Military Appreciation Month
By Maranatha Bivens, Communications Specialist
My family moved 12 times over the duration of my dad’s Army career, and only four of those station changes took us to an actual military installation. That means that we ultimately spent two-thirds of our time as just another anonymous military family in civilian communities all over the country. This might be an interesting statistic to some, but more than 70 percent of military families recognize this as the norm.
In a lot of ways, as tabloids say of celebrities, military families are just like “us.” My friends’ dads went on long business trips while my dad went to train in the field for two weeks. Sure, new jobs or promotions often meant we were piling into the minivan and travelling cross-country on short notice, but other than that, there didn’t seem to be any major difference between my family and my friends who had parents who were electricians or accountants. But I came to understand that there are major differences in the lifestyle, particularly in 2003 when I was in college and my dad deployed to Iraq for the first time. Everyone was aware of the war, but there was a direct effect on my family that others didn’t experience. This awareness aside, the last thing I was going to do was stand in front of my 8:00 AM Biology class and discuss the ways the Iraq war had become personal.

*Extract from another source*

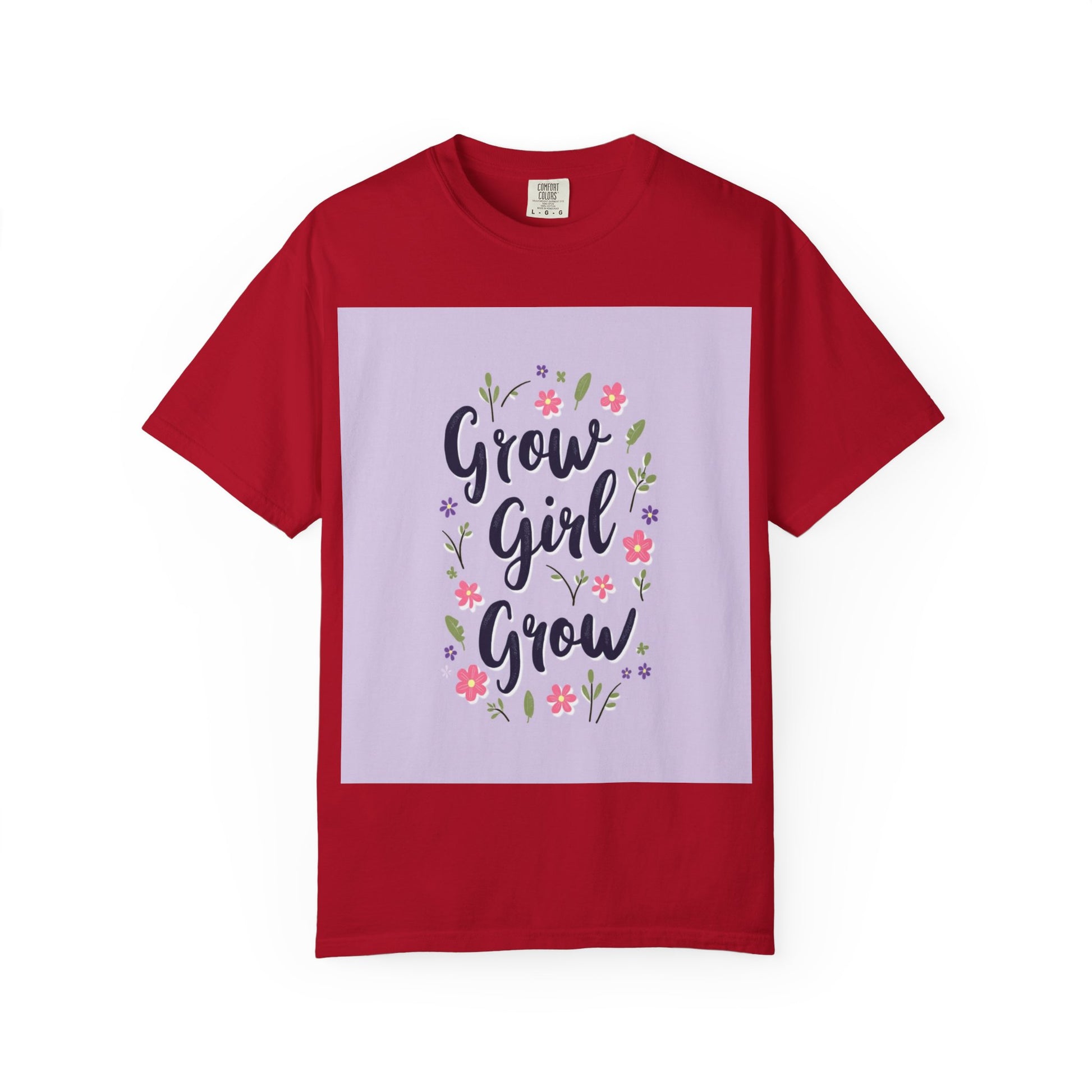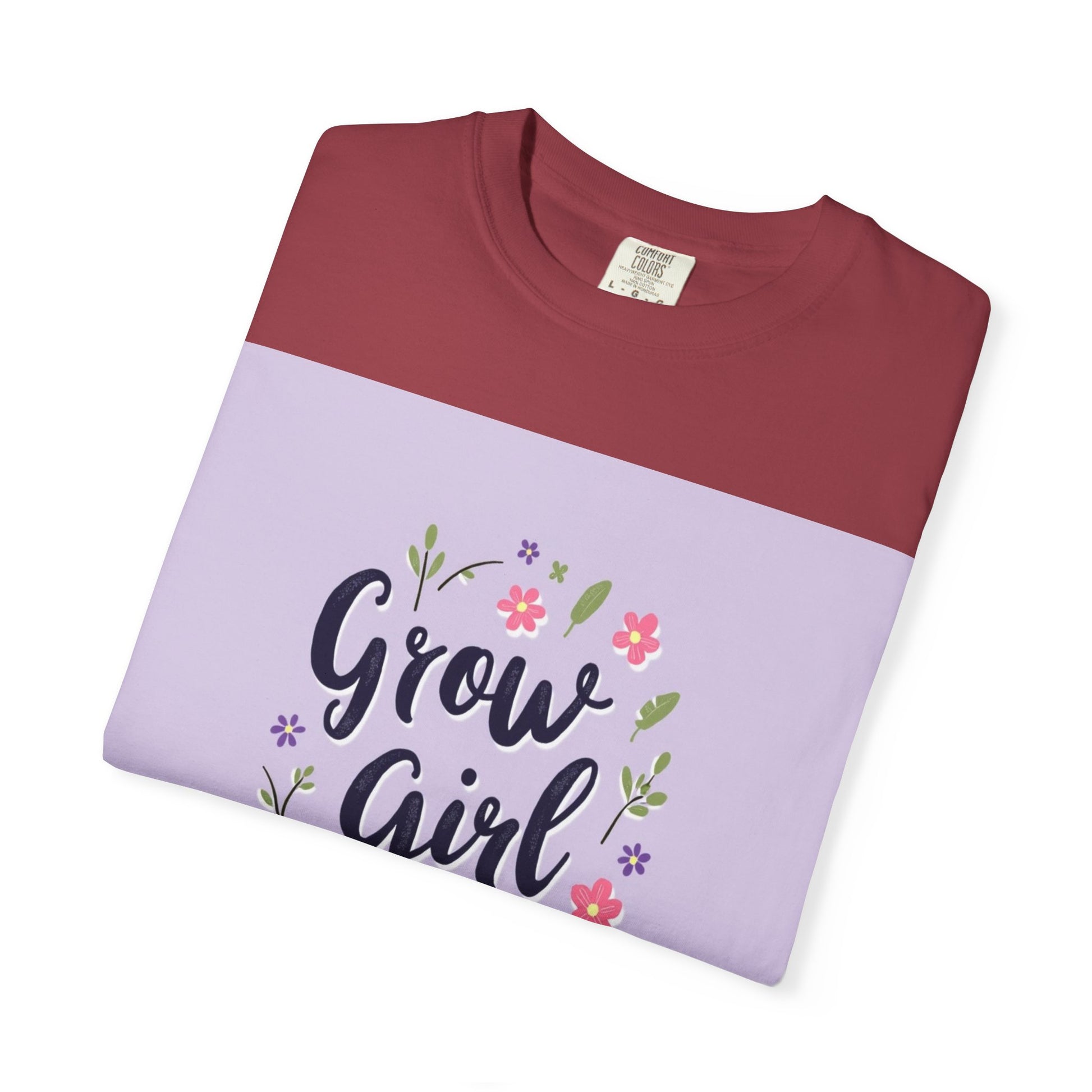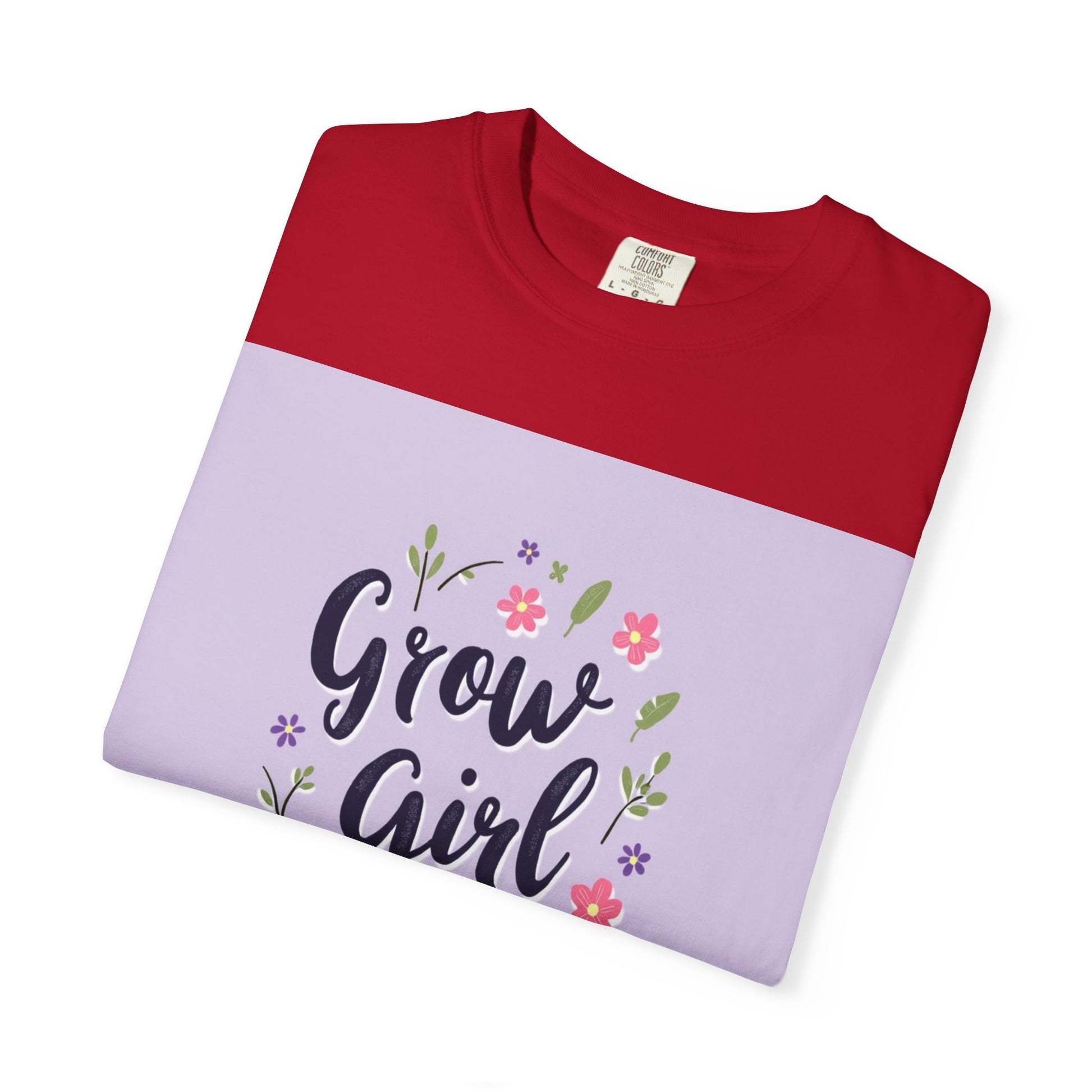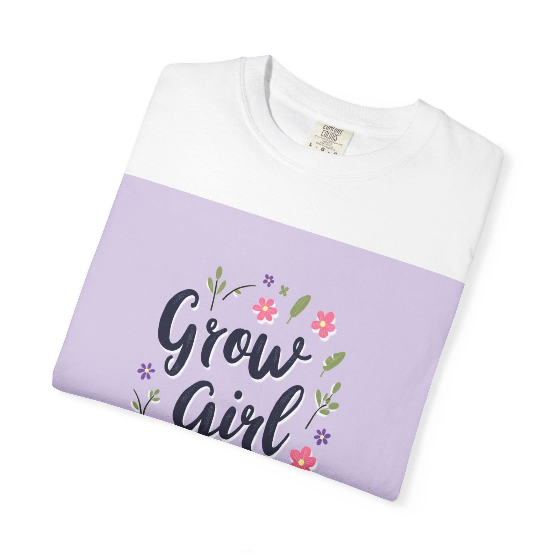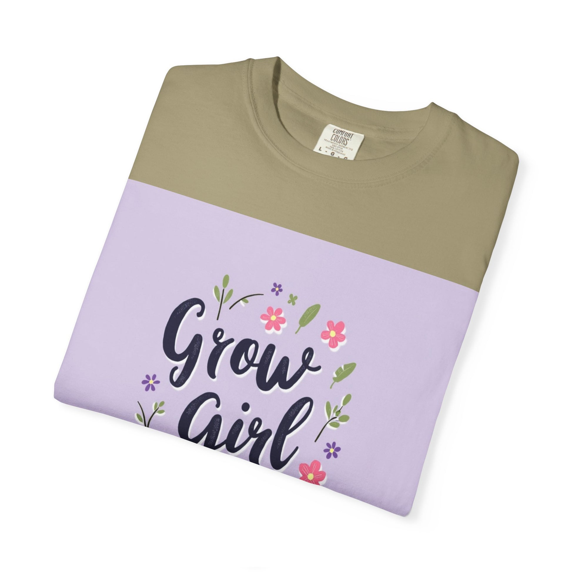 - Empowering phrase: “Grow Girl Grow” in bold navy blue hand-lettered script.

When you’re growing up, all you want to do is fit in. You could say that military families have this down to an art. They adapt to each new location quickly and quietly, as they are often packing to leave for a new assignment before they’ve even had a chance to unpack some of those boxes in the basement. But all this blending in might be happening too seamlessly, as the extraordinary commitment of dynamic military families often goes unnoticed in civilian communities.
Coupling the basic pressures and responsibilities of life with those that are the result from an ongoing war means that many military families are humbly dealing with unprecedented amounts of stress. With military families in your church, on your sports teams, and in your classroom, opportunities to lend a hand could be hiding in plain sight.

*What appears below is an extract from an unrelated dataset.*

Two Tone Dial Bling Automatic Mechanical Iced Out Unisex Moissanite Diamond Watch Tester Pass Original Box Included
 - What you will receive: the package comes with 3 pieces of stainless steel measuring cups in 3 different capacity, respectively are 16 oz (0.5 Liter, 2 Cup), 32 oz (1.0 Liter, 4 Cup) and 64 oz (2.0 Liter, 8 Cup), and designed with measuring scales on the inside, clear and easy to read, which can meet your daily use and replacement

The National Military Family Association created Finding Common Ground: A Toolkit for Communities Supporting Military Families, a guide filled with action items tailored to the specific role you fill in your community. Getting involved is easy, and the sentiments behind every gesture, grand or intimate, are deeply felt and appreciated. Here are some ideas to get you started:
- Look around you. Raising awareness in your community and strengthening your ability to support starts with raising your own awareness. Are there military families in your neighborhood making the same trip to and from school each day? What about in your daughter’s ballet class? What about the household tasks that you do on the weekends, such as cutting the grass, that a family could use some help with? Do you and your next door neighbor get together to talk and watch bad reality TV every week? Next time, invite that military spouse who could probably use a break as well. Teaming up with others for social events and carpooling to school or activities doesn’t just lighten their load—it lightens yours, too!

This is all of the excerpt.